VENICE, Italy (Reuters) – US Treasury Secretary Janet Yellen said on Saturday she would work to try to address the concerns of countries that have not signed a global corporate tax agreement, but added that it was not necessary for all nations to adopt it.

Speaking to reporters with German Finance Minister Olaf Scholz, Yellen believed he believed he was looking forward to the G20 summit in October, with some concerns from countries such as Ireland, Estonia and Hungary.

“We will try to do that, but I have to stress that it is not essential that all countries be on board,” he said.

“This agreement has some sort of enforcement mechanism in place to ensure that it is not capable of harming the countries that are affiliated with it, using tax havens that undermine the functioning of this global agreement.”

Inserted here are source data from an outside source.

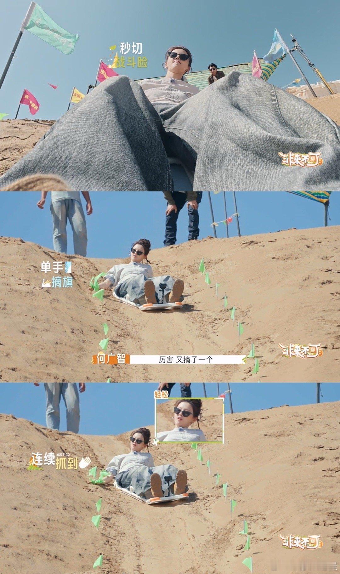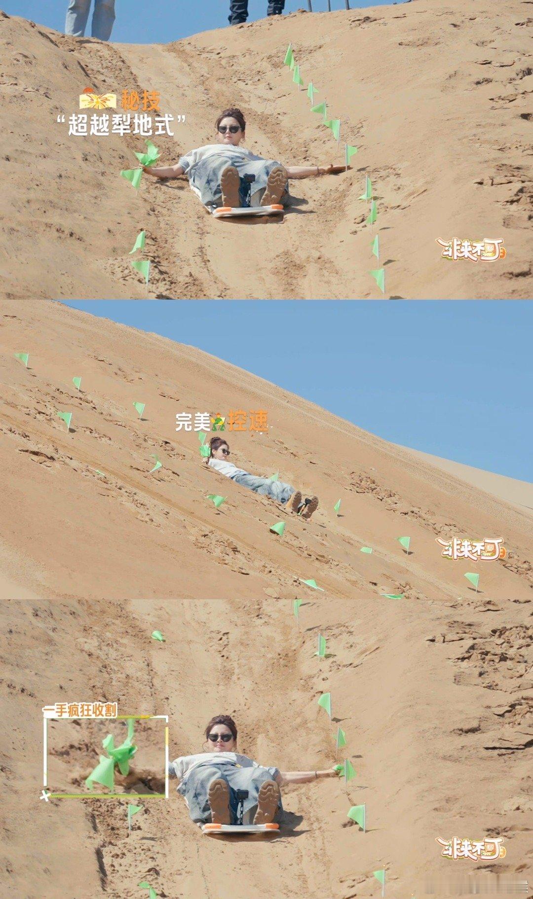 杨超越滑沙也在干农活 《非来不可3》杨超越解锁滑沙新姿势!干农活式拔旗高效又搞笑,网友夸其眼里有活、学得快。
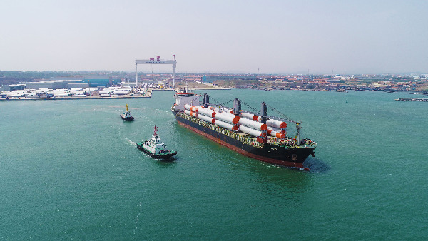 蓬萊高水平建設中國海上風電國際母港,打造海上風電產業(yè)高地,圖為大金重工生產的塔筒運往海外。
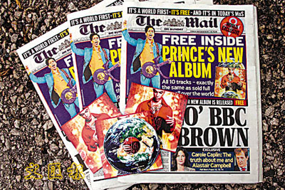 英國《星期日郵報》7月15日號,隨報附送了著名美國歌手王子(Prince,他也曾用過一個奇怪的符號作名字)的最新專輯《Planet Earth》。即使免費下載的MP3音質亦稍遜,這回王子的碟沒減料沒收錢,還保證與日後市販版一模一樣,可算在音樂界史無前例的行為。
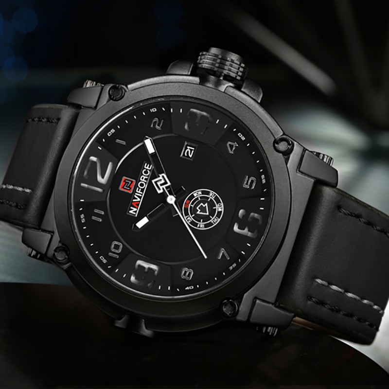 Ceas de mana barbatesc Naviforce, analog Quartz, 3ATM, data, saptamana, curea piele, negru
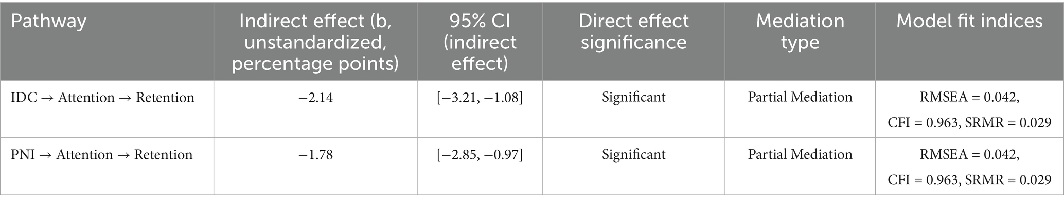 Using bootstrapped SEM with 5,000 resamples, attention allocation was examined as a mediator between IDC, PNI, and retention performance. The model showed good fit (RMSEA = 0.042, CFI = 0.963, SRMR = 0.029), suggesting the hypothesized relationships aligned well with the observed data. Significant but modest indirect effects were found for both predictors. Higher IDC was associated with reduced retention through decreased attention allocation (unstandardized indirect effect b = −2.14 percentage points, 95% CI [−3.21, −1.08], small-to-moderate magnitude), and greater PNI showed a similar pathway (unstandardized indirect effect b = −1.78 percentage points, 95% CI [−2.85, −0.97], small magnitude). In both cases, direct effects on retention remained significant, indicating partial rather than full mediation. Indirect effects were estimated with a nonparametric bootstrap (5,000 resamples), a recommended practice for mediation inference (Hayes, 2022). These results support H4a and H4b, with the caveat that while the mediation effects are statistically reliable, their magnitudes suggest that other factors beyond attention allocation also contribute meaningfully to the observed performance differences (Table 4).

Asked how the deal will lead to a split U.S. Congress, Yellen said he is working with congressional tax writing committees in Congress on a budget resolution that will use budget “reconciliation” rules.

These rules would lead to a simple majority in the U.S. Senate, as Democrats will have a one-vote majority if all members of their party are aligned.

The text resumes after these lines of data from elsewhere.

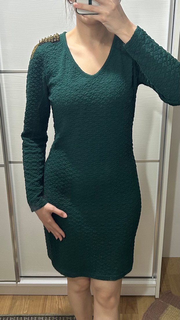 Üründe herhangi bir sıkıntı yoktur. Omuz kısmında diken detayları vardır. Vücuda oturan tarzda bir elbisedir. Kemer elbiseye dahil değildir, kemerle de kombinlendiğini göstermek istedim. S-M bedene uygundur.
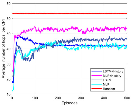 In this study, we recognized the uniqueness of radar frequency hopping anti-jamming and aimed to address the partially observable nature of the problem by incorporating historical observations. Considering that the temporal correlations within historical observations cannot be effectively captured by the FFNs, we drew inspiration from the literature [23] and introduced time-sensitive networks within deep reinforcement learning to exploit the temporal dimension information. In subsequent experiments, we observed that agents using time-sensitive networks show good anti-interference capabilities. The LSTM-based agent exhibits the minimum number of frequency hopping times. Therefore, in this paper, we choose LSTM as the Q-network for deep reinforcement learning. Although LSTM has been used in a previous study [18], its purpose was primarily to enhance the performance through increased network complexity, rather than leverage time sensitivity characteristics. In addition, the method of combining LSTM with historical sequences is mentioned in the literature [24], however, the focus of this previous paper is different to ours. In [24], the researchers constructed the process of radar fighting jammers as an MDP. In this process, the jammer is not unknown to the radar, and when they set the historical sequence, the radar observations are all of the jammer’s actions. In addition, the literature [24] does not analyze the impact of the length of a historical sequence on the results. In this paper, we construct the jammer–radar confrontation process as a POMDP. The jammer is unknown to the radar. The observation data in the observation sequence are based on the radar and do not directly contain jammer information. Regarding networks, the authors in [24] merely verified that LSTM has advantages over the Convolutional Neural Network (CNN) and FFN when processing historical sequences; however, they did not use another time-sensitive network to analyze whether these advantages are general characteristics related to time sensitivity rather than the unique capabilities of LSTM.
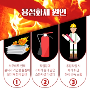 예방방법으로는 임시소방시설 설치, 용접 등 화기취급 작업 시 화재감시자 지정 배치, 작업자로부터 5m이내 소화기 비치, 작업장 주변 10m이내 가연물 제거, 작업 후 주변 불씨 여부 확인 등이 있다.

“I am very optimistic that the legislation will provide what we need for the United States to comply with Pillar 2,” Yellen said, referring to the Organization for Development and Cooperation (OECD) section that regulates minimums. tax.

The Biden administration has proposed raising the U.S. minimum tax on foreign intangible income to 21% and introducing a new minimum tax that would deny tax deductions to companies that pay taxes to countries that do not support the minimum tax.

Yellen said the OECD tax deal, agreed in principle by 131 countries and now approved by the G20 government, is good for all governments and would increase revenue by ending the “bottom race” with countries competing to reduce corporate tax rates.